**Requirement**
Among the records below, find each line containing the word "rose" and copy it.

**Source material**
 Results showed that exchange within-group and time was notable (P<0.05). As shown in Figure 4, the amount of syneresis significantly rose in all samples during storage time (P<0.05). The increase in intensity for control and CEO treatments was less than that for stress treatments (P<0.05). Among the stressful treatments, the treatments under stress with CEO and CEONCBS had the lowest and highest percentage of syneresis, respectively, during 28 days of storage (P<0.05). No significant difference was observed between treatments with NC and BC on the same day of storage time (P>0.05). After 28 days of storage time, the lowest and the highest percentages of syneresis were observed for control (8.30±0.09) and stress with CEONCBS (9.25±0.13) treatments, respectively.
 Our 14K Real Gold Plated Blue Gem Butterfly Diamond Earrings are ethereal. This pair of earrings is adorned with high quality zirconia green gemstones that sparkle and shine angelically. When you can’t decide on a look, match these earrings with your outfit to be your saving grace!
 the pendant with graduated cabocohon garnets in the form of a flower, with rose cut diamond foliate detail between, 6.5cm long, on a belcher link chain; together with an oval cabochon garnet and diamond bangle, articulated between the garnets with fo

---

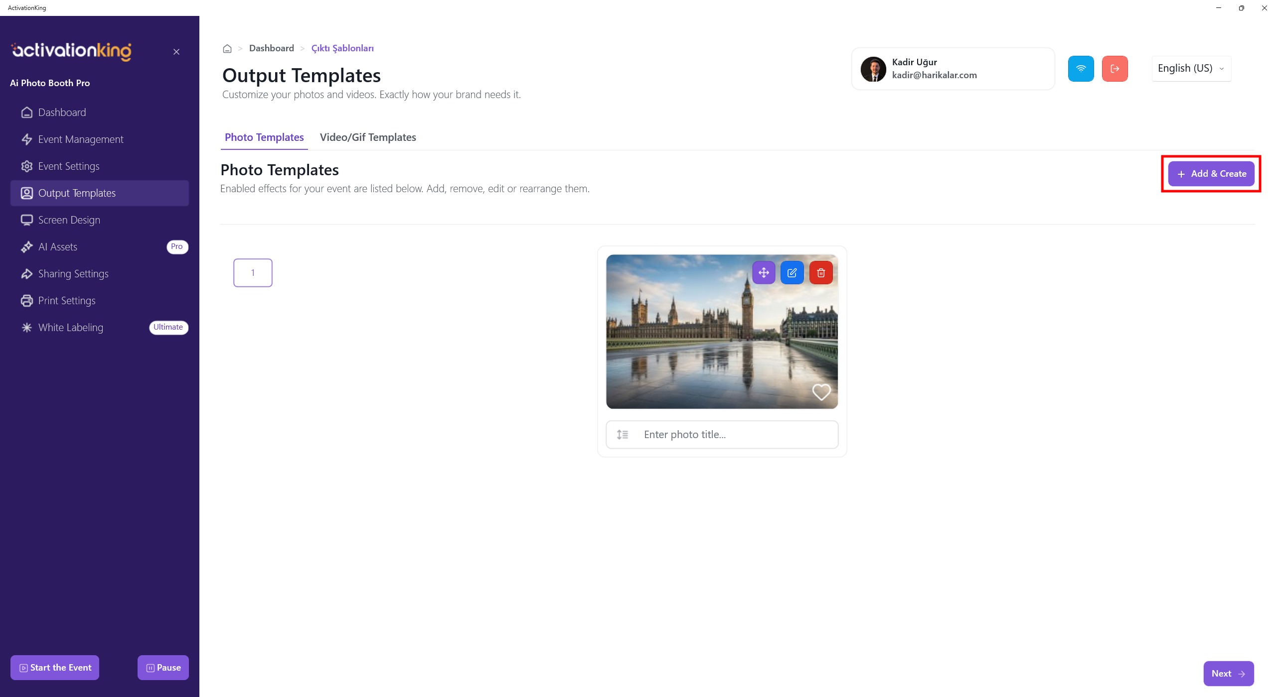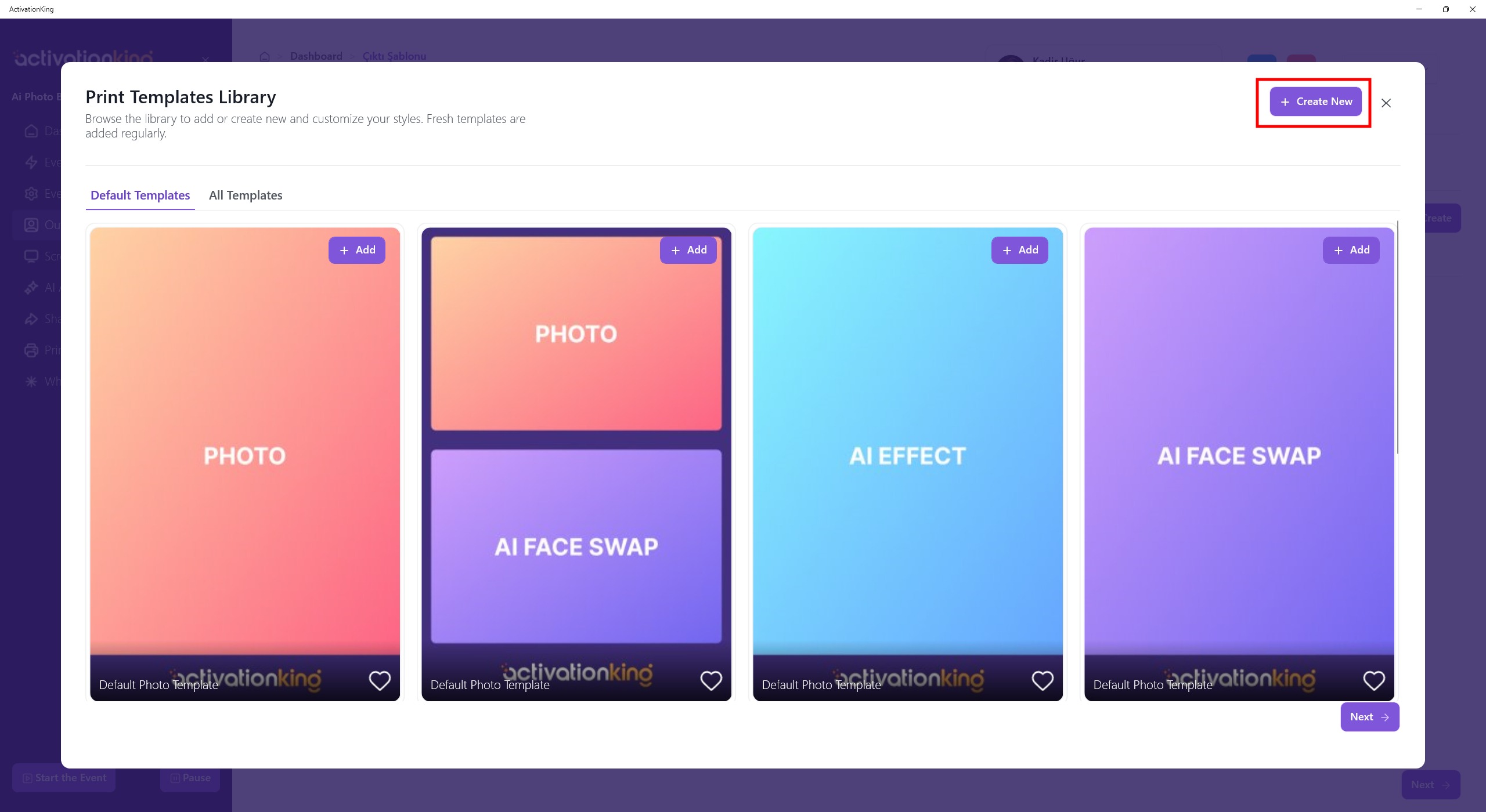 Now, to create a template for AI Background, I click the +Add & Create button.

* * *

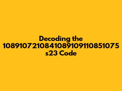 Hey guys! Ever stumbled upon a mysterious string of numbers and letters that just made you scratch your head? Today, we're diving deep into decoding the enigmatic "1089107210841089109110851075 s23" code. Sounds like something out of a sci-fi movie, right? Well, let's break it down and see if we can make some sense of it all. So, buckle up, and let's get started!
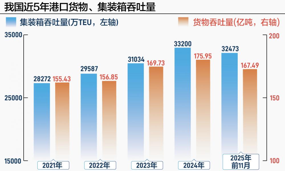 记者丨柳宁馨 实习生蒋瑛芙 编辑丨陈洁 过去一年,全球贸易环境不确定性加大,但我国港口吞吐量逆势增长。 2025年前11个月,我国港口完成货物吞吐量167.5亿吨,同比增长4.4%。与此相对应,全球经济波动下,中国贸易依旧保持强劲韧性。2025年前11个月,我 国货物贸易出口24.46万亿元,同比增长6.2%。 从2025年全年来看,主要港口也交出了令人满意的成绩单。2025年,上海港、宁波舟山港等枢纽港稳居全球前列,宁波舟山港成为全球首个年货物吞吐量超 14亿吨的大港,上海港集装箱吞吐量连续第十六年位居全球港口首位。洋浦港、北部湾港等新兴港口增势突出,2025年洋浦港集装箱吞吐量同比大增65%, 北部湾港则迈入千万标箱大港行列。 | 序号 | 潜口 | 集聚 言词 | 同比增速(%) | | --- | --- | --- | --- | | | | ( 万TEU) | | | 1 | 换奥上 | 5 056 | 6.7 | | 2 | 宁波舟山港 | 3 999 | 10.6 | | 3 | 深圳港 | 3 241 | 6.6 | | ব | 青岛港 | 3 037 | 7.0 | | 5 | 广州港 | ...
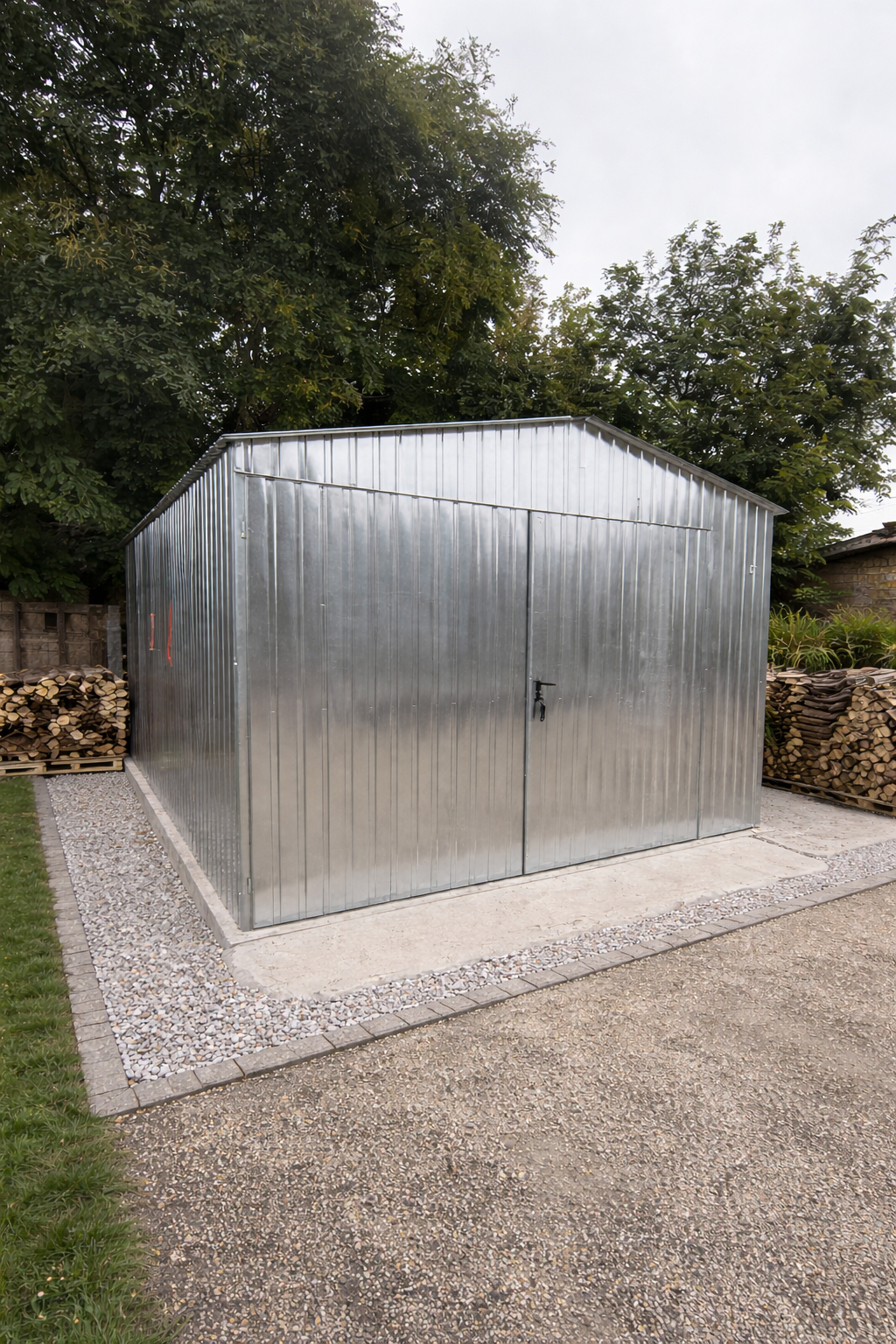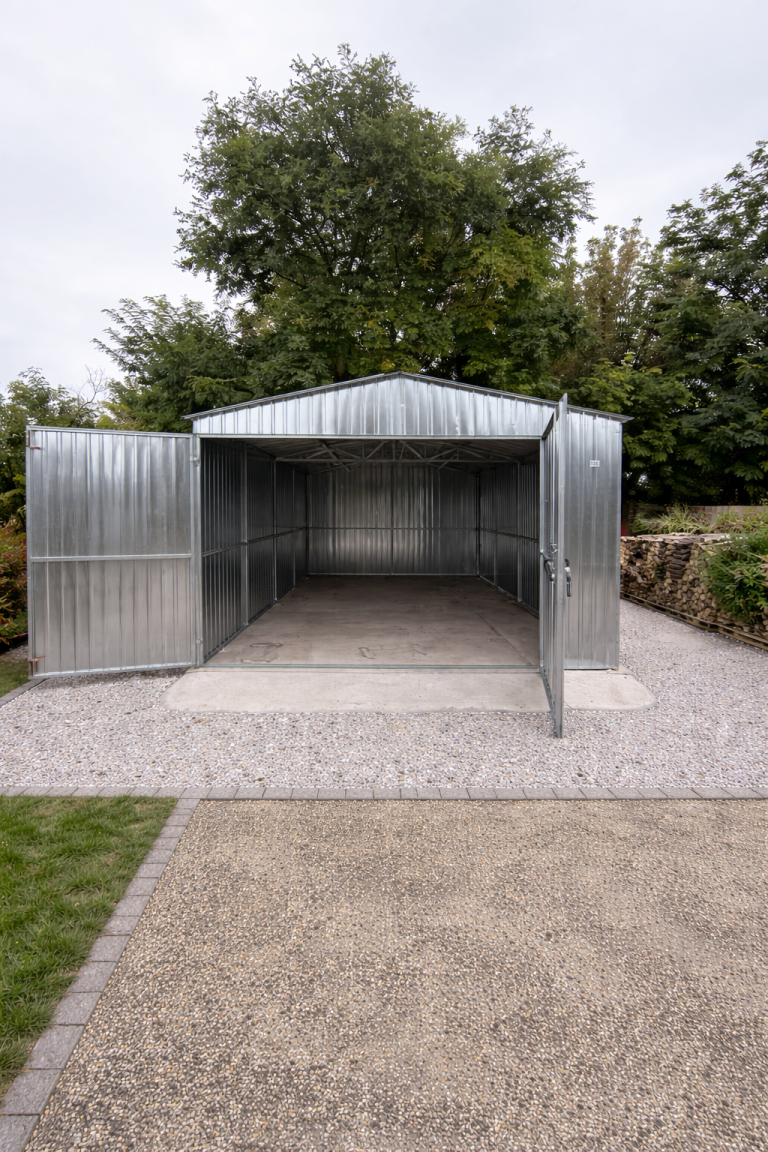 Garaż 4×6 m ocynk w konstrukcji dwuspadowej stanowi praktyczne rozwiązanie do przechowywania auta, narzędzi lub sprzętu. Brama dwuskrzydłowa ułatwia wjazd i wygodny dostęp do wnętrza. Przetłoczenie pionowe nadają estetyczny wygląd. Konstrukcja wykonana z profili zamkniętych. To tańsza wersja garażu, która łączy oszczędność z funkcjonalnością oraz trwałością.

**Answer area**
 Results showed that exchange within-group and time was notable (P<0.05). As shown in Figure 4, the amount of syneresis significantly rose in all samples during storage time (P<0.05). The increase in intensity for control and CEO treatments was less than that for stress treatments (P<0.05). Among the stressful treatments, the treatments under stress with CEO and CEONCBS had the lowest and highest percentage of syneresis, respectively, during 28 days of storage (P<0.05). No significant difference was observed between treatments with NC and BC on the same day of storage time (P>0.05). After 28 days of storage time, the lowest and the highest percentages of syneresis were observed for control (8.30±0.09) and stress with CEONCBS (9.25±0.13) treatments, respectively.
 the pendant with graduated cabocohon garnets in the form of a flower, with rose cut diamond foliate detail between, 6.5cm long, on a belcher link chain; together with an oval cabochon garnet and diamond bangle, articulated between the garnets with fo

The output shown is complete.